Среди лесообразующих видов лидером на этой территории была черная ель, самое часто встречаемое дерево Канады, доминирующее в  полосе северного полушария, которая окружает земной шар чуть ниже Полярного круга и образует самый большой лесной биом Земли. Мозаика торфяных болот, озер и в основном хвойных лесов (перемежающихся насаждениями устойчивых к холоду широколиственных пород, таких как тополь, береза ​​и дрожащая осина), это часть бореальной зоны Канады, которая  составляет почти треть от  мировой. Если смотреть сверху, то  она похожа на кривобокую зеленую улыбку посередине лица страны, которая простирается  вниз от полярного круга Юкона, огибает нижнюю половину Гудзонова залива, а затем поднимается  обратно в северный Квебек и Ньюфаундленд. В целом, это три четверти общей площади лесов Канады, содержащих больше углерода, чем все извлекаемые запасы нефти в мире. Северные карлики затмевают семь других лесных регионов, которые пустили корни южнее, от Великих озер до Сент-Луиса и  Лаврентия, который дает наш кленовый сироп и впечатляющие осенние цвета, в плодородных прибрежных тропических лесах Британской Колумбии.

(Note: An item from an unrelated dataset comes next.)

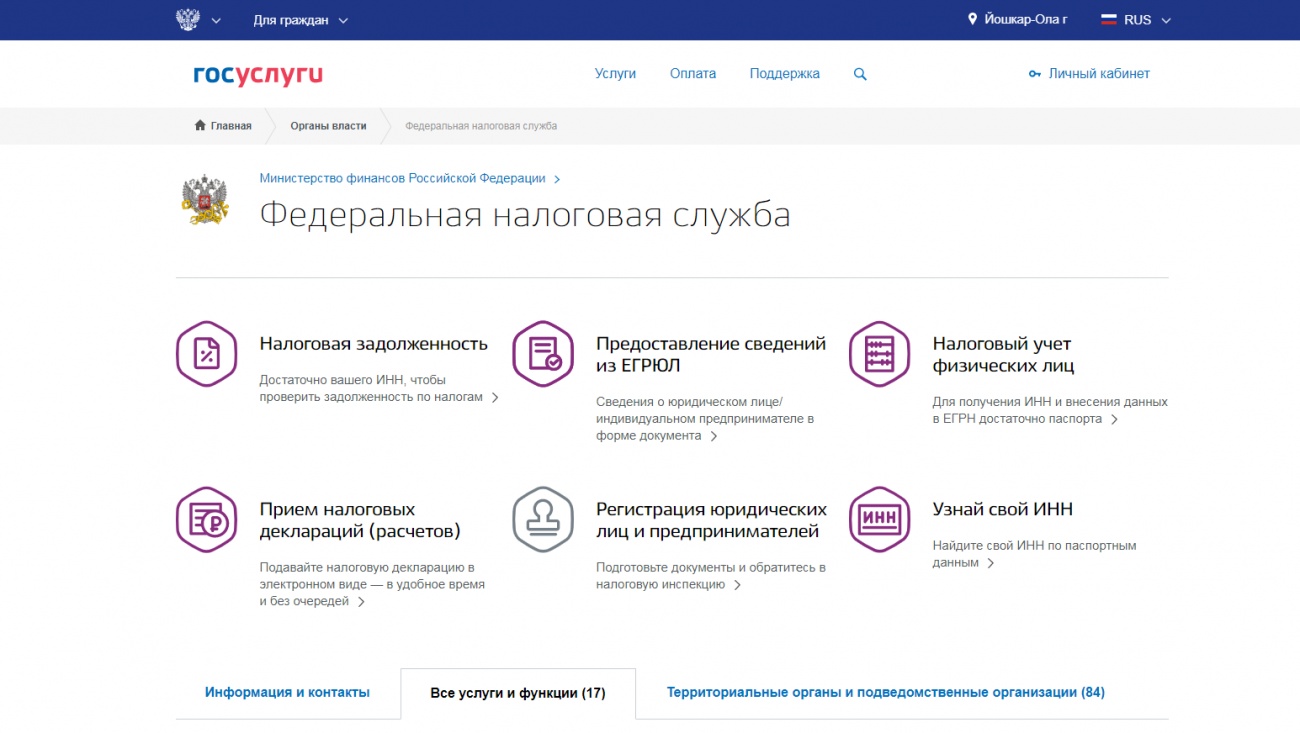 Налоговая служба Йошкар-Олы напоминает, что государственные услуги Федеральной налоговой службы в электронном виде можно получать не только на официальном сайте службы, но и с помощью Единого портала государственных и муниципальных услуг.

На Канаду приходится почти 30 процентов бореальной зоны мира. Карта Министерства природных ресурсов Канады.

Когда в середине 20-го века палеоэкологи начали собирать воедино историю освоения территории современной Канады лесами, они были поражены и сбиты с толку скоростью их продвижения. Модели, основанные на наблюдаемом распространении семян современных деревьев, предсказывали гораздо более низкую скорость перемещения. Яблоки не падают так далеко от деревьев, как и сосновые шишки. Так как же мог лес, который мы видим сегодня, двигаться так далеко и так быстро?

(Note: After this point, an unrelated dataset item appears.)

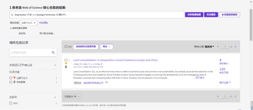 我院龙花楼教授论文入选全球前1% ESI高被引论文

Эта до сих пор не до конца решенная загадка, известная как парадокс Рейда, названна в честь британского палеоботаника, изучавшего то же явление полвека назад в Европе. Клемент Рейд обнаружил, что самое культовое дерево его страны — дуб — сместилось на 1000 километров к северу между окончанием последнего ледникового периода и римской оккупацией Британии. «Это без внешней помощи заняло бы около миллиона лет», — писал он в своей книге 1899 года «Происхождение британской флоры». Конечно, это утверждение предлагает свое собственное решение, и Рид сам сформулировал его: птицы и другие существа, питающиеся семенами, оказывают значительную внешнюю помощь миграции деревьев. Но даже с учетом помощи животных, наряду с другими факторами, от рек до торнадо, обновленные модели, разработанные североамериканскими преемниками Рейда, не могли объяснить головокружительную скорость миграции деревьев в раннем голоцене.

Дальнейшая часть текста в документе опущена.